Que l’hépatite aigüe soit symptomatique ou non, elle va guérir spontanément en quelques semaines dans 90 % des cas, et les éventuels symptômes vont disparaitre progressivement. Dans cette situation, la maladie disparait donc sans traitement et c’est à postériori, à l’occasion d’une analyse de sang, que l’on apprend que l’on a été un jour infecté.

Dans de rares cas, l’hépatite B aigüe peut être sévère, voir même atteindre le stade d’hépatite aigüe fulminante (moins de 1% des cas). Cette forme d’hépatite B aigüe est mortelle 8 fois sur 10 en l’absence d’une transplantation hépatique en urgence.
Enfin, dans les 5 à 10% de cas restants, l’hépatite B persiste et devient chronique (chez les nourrissons, l’évolution vers une forme chronique se fait dans 90% des cas). Le virus persiste alors dans le sang, pendant des mois, des années, voir à vie. Ces formes chroniques s’accompagnent souvent de lésions du foie, menant à la cirrhose et au cancer (15 % à 25 % des porteurs chroniques).

 

Traitements

Le traitement n’est utile que chez les porteurs d’une hépatite B chronique. Parmi les personnes porteuses d’une hépatite B chronique, 30 % ne présenteront aucun symptôme, car le virus est présent mais n’est pas actif. Dans 40% s’installe une hépatite chronique stable et persistante et dans 30% des cas une hépatite chronique évolutive et active. Ces  personnes risquent le développement d’une cirrhose ou d’un cancer du foie et  doivent être particulièrement surveillés. Le traitement prend alors toute son importance : s’il n’entraîne pas la guérison à ce jour, il permet néanmoins de ralentir la progression de la maladie, et d’éviter la survenue des complications.

Prévention

En France, la vaccination contre l’hépatite B est obligatoire pour les personnels exerçants dans des établissements de soins et de prévention. Elle est fortement recommandée chez les nourrissons, les enfants/adolescents non antérieurement vaccinés, et dans les populations à risque (entourage d’une personne porteuse chronique de l’hépatite B, personnes ayant plusieurs partenaires sexuels, usagers de drogues par voie intraveineuse ou partageant du matériel (paille de sniff, pipes à crack…), , enfants/adolescents dans des institutions psychiatriques ou pour handicapés, séjours en pays de forte et moyenne endémie...)
La vaccination contre l'hépatite B a été adoptée dans de nombreux pays dans le monde et elle a apporté la preuve de son efficacité par une réduction rapide de l’incidence et de la mortalité par carcinome du foie (Taïwan, Italie, etc.).

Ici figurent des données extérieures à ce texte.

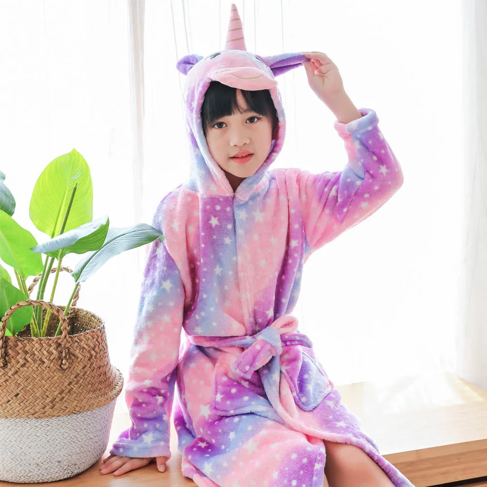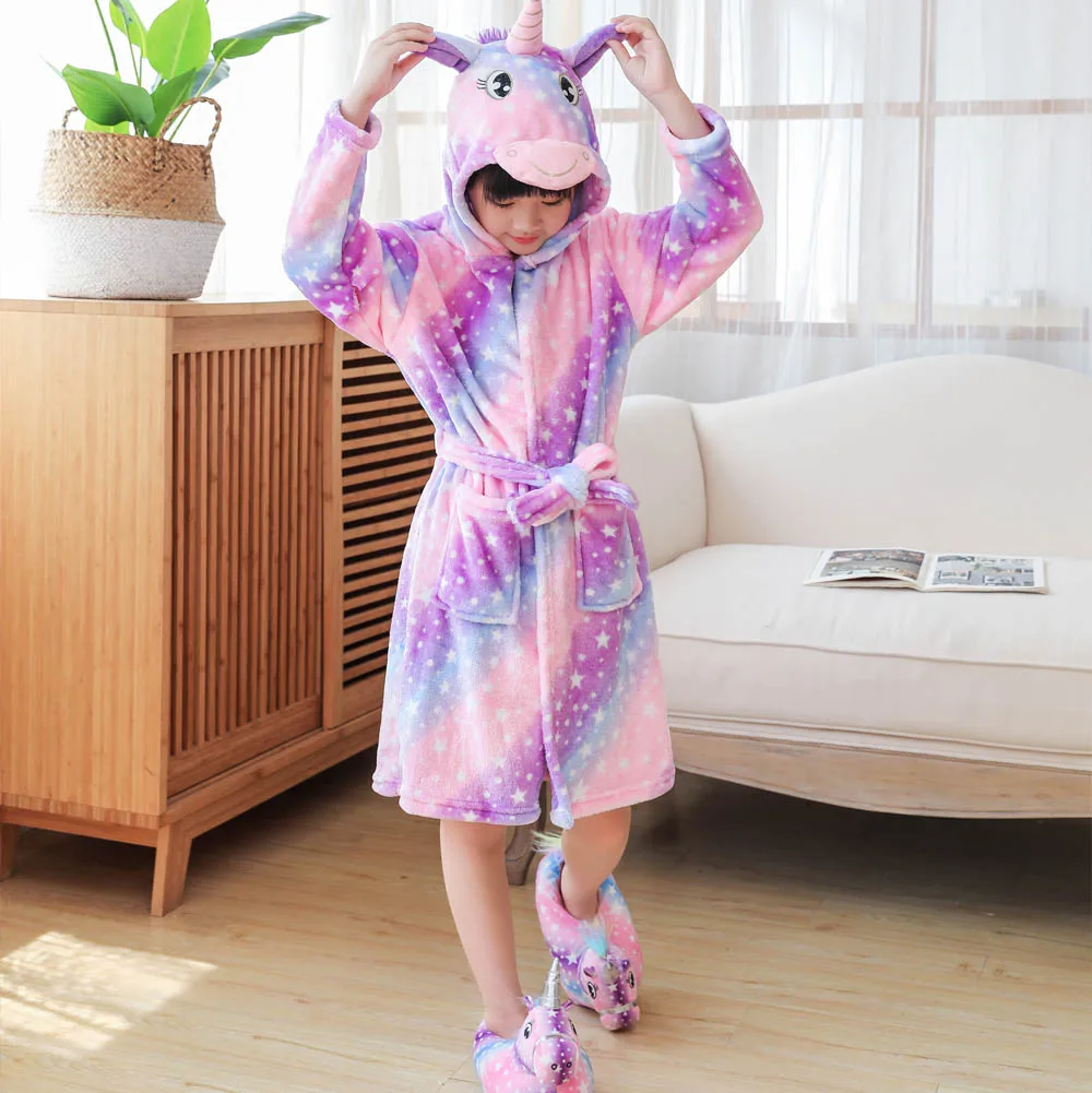 Халат для девочек, на возраст 4, 6, 8, 10, 12 лет, банный халат с единорогом, зимний, теплый, фиолетовый, Радужный, с капюшоном, пижамы для дня рождения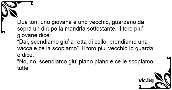 “Dai, scendiamo giu’ a rotta di collo, prendiamo una vасса e ce la scopiamo”. Il toro piu’ vecchio lo guarda e dice:
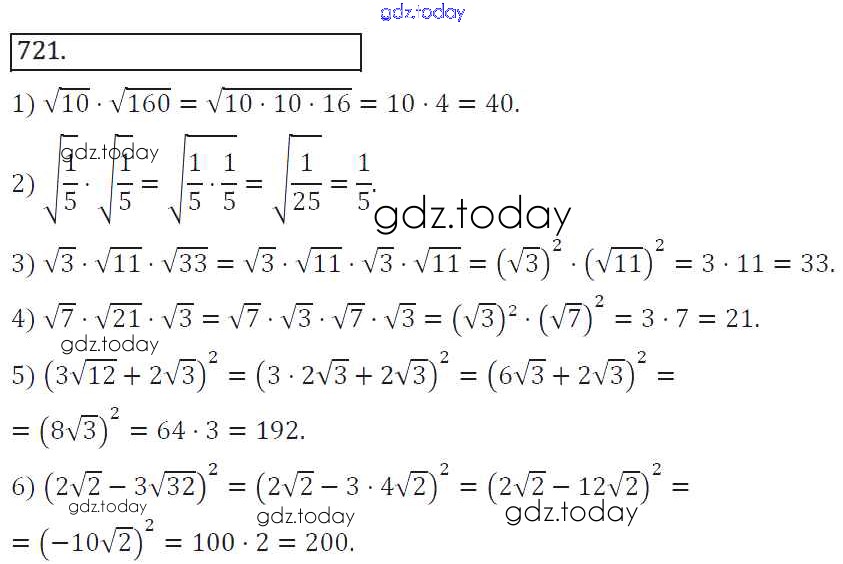 На страницах сайта gdz.today вы найдете учебный и вспомогательный материал, направленный на улучшения знаний школьной программы. ГДЗ - онлайн мир знаний Решение к упражнениям 721 Учебнику по Алгебре для 8 класса Колягин, Ткачева Просвещение УМК 2013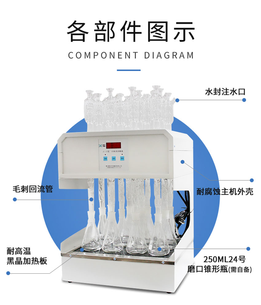 4、改進(jìn)型的玻璃毛刺回流管和散熱系統(tǒng),其良好的消解回流效果確保樣品消解結(jié)果的平行性和準(zhǔn)確性。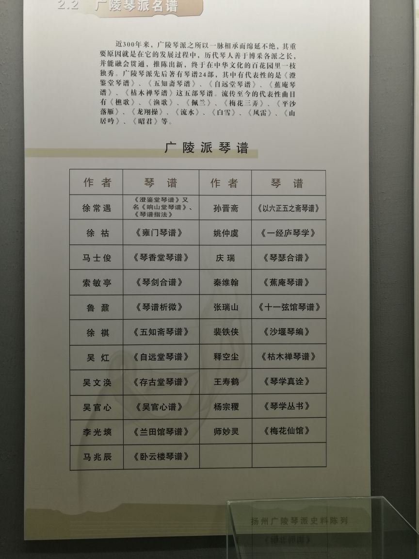 广陵琴派史料陈列馆位于史可法纪念馆内,是一幢两层楼的建筑,这里广陵琴派的形成历史,主要代表人物和成就广陵琴派史料陈列馆位于史可法纪念馆内,是一幢两层楼的建筑,这里广陵琴派的形成历史,主要代表人物和成就,是研究中国古琴历史的好地方。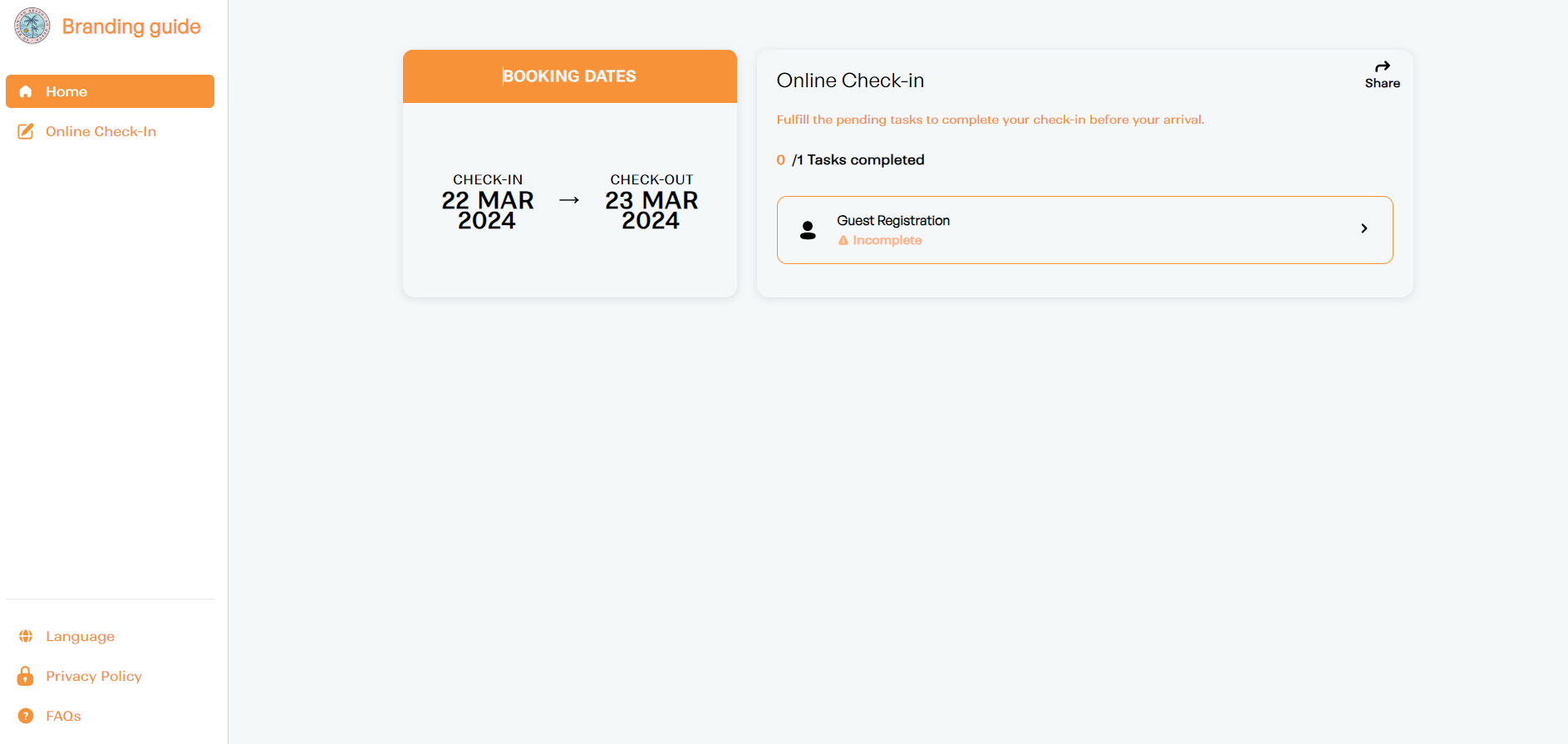 Actualizado hace más de un añoContar con una plataforma de check-in personalizada que incluya la marca de tu empresa se traducirá en una mayor fiabilidad y en un aumento del porcentaje de huéspedes que realizan el check-in online. Al ser más fiable para el huésped, es más fácil que se sienta seguro a la hora de facilitar sus datos personales a través del proceso de check-in online.

En 1998, cette vaccination a été partiellement suspendue en France car elle a été alors soupçonnée de favoriser la survenue de certaines maladies auto-immunes, comme la sclérose en plaque. Ce lien n'a jamais été prouvé malgré de nombreuses études menées sur le sujet. Les bénéfices apportés par la vaccination sont quant à eux clairement établis. Cette vaccination  mise au point en 1976 a permis la disparition quasi totale de la maladie chez les soignants pour qui elle constituait un risque majeur. Dans les pays de forte endémie où la vaccination a été largement pratiquée comme Taiwan, elle a entraîné une diminution significative du nombre de cancers du foie.